DATA TO EXAMINE:

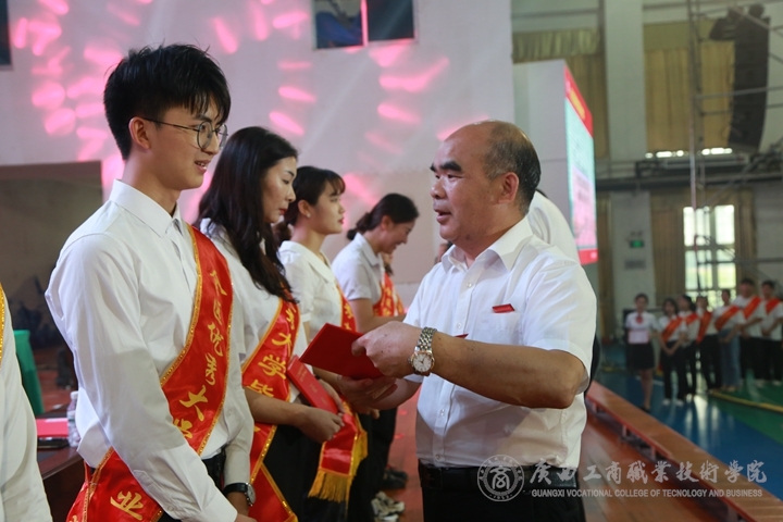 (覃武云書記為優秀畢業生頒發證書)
---
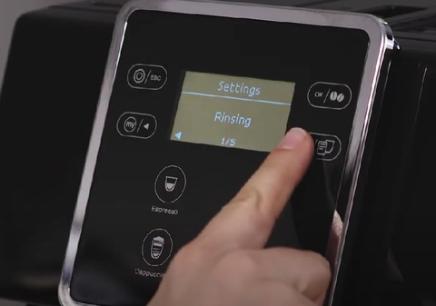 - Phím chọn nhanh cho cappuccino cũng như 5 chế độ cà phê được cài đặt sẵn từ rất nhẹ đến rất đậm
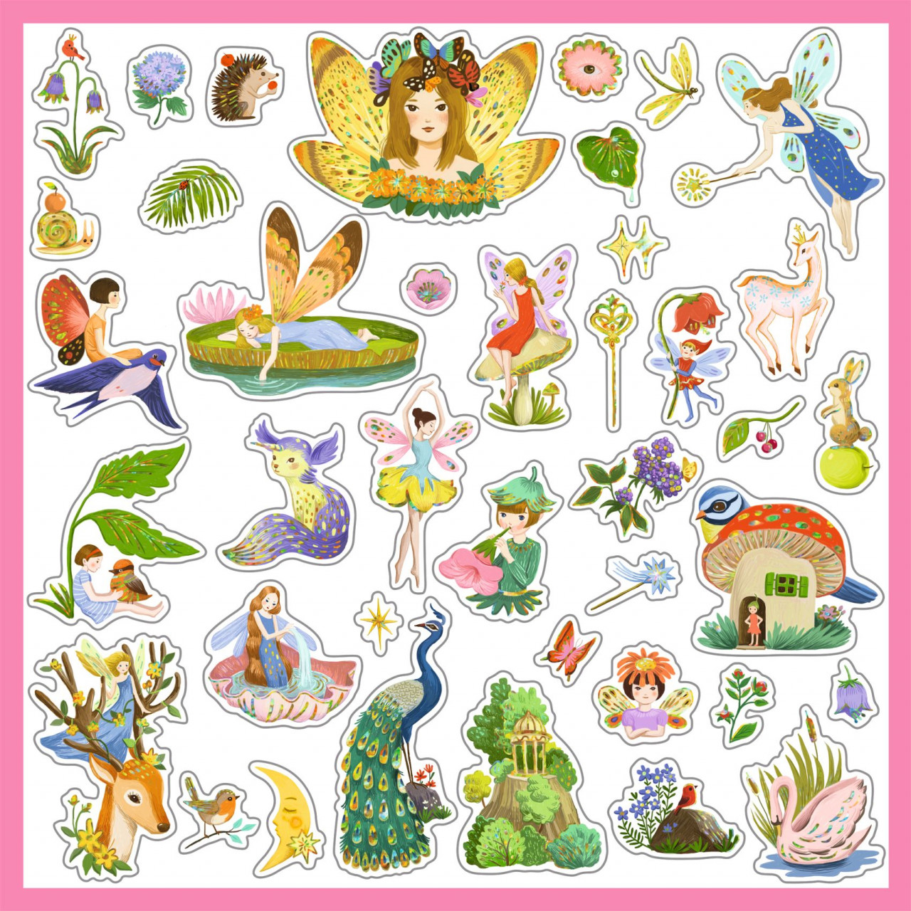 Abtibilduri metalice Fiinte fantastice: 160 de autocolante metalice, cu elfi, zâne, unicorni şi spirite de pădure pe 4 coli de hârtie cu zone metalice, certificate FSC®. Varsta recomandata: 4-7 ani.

ASSIGNMENT:
Everything between and including the line above containing "- Phím chọn" and the line containing "Abtibilduri metalice Fiinte" should be reproduced exactly, with pictures excluded.

RESPONSE:
 - Phím chọn nhanh cho cappuccino cũng như 5 chế độ cà phê được cài đặt sẵn từ rất nhẹ đến rất đậm
 Abtibilduri metalice Fiinte fantastice: 160 de autocolante metalice, cu elfi, zâne, unicorni şi spirite de pădure pe 4 coli de hârtie cu zone metalice, certificate FSC®. Varsta recomandata: 4-7 ani.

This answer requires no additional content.